Where Pith is reading between the lines
- The same decoupling principle could be tested in continuous-control or robotic domains where overestimation also appears.
- Similar explicit separation of selection and evaluation might reduce bias in other deep RL methods such as actor-critic algorithms.
- Extending the stabilizations to deeper or wider networks would test whether the approach scales beyond the Atari setting.
Load-bearing premise
The specific combination of lower replay ratios, longer target network update intervals, and shared layers will stabilize training of two independent Q-functions without reintroducing estimator correlations or new instabilities.
What would settle it
Running DDQL on the same 57 Atari games and still observing high overestimation or no aggregate improvement over Double DQN would falsify the central claim.
Figures
read the original abstract
Double Q-learning is a classical control algorithm that mitigates the maximization bias of Q-learning. To do so, it explicitly trains two independent action-value functions and uses them to decouple action-selection and action-evaluation when computing bootstrap targets. Double DQN adapts target bootstrap decoupling to deep reinforcement learning (RL), but explicitly trains only a single action-value function and does not fully decouple its estimators. Consequently, the two estimators remain correlated, and overestimation persists. In this paper, we introduce Deep Double Q-learning (DDQL), a deep RL algorithm that explicitly trains two Q-functions through Double Q-learning. DDQL stabilizes training through a combination of techniques, including lower replay ratios, longer target network update intervals, and shared layers. Across 57 Atari 2600 games, DDQL improves aggregate performance over Double DQN, outperforming it on 47 games while further reducing overestimation. In addition, we study key design choices when adapting Double Q-learning to deep RL, including the network architecture, replay ratio, and minibatch sampling strategies.
Editorial analysis
A structured set of objections, weighed in public.
Referee Report
Summary. The manuscript introduces Deep Double Q-learning (DDQL), a deep RL adaptation of classical Double Q-learning that explicitly trains two action-value functions to decouple action selection from evaluation. DDQL employs stabilization techniques including lower replay ratios, longer target-network update intervals, and shared layers between the two Q-networks. On 57 Atari 2600 games, DDQL is reported to outperform Double DQN on 47 games with higher aggregate performance and further reduced overestimation; the paper also examines design choices such as network architecture, replay ratio, and minibatch sampling.
Significance.

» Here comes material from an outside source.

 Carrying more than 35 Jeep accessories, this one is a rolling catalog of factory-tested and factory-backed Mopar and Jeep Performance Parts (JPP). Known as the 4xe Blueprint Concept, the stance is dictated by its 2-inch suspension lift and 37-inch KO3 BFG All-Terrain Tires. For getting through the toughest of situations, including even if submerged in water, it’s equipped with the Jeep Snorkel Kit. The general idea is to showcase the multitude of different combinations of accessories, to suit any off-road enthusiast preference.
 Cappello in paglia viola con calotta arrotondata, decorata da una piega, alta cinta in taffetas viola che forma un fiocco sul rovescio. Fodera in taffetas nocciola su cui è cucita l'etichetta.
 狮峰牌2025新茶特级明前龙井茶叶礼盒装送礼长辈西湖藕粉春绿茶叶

If the empirical gains prove robust, the work is significant for demonstrating that fuller realization of the Double Q-learning decoupling mechanism can yield measurable improvements over Double DQN in deep settings. The large-scale Atari evaluation and explicit study of stabilization hyperparameters provide practical guidance for mitigating maximization bias. The manuscript does not ship machine-checked proofs or parameter-free derivations, but the reproducible benchmarking protocol on a standard suite is a positive attribute.
major comments (2)
- [Network Architecture and Stabilization] Network Architecture and Stabilization section: the claim that shared layers plus lower replay ratio and longer target updates preserve sufficient estimator independence is load-bearing for the central decoupling argument, yet no direct measurement (e.g., correlation between the two Q-head outputs or gradient alignment statistics) or ablation removing the shared backbone is presented. Shared parameters allow gradients from both heads to update the same features, which risks reintroducing the very correlations Double Q-learning is intended to avoid.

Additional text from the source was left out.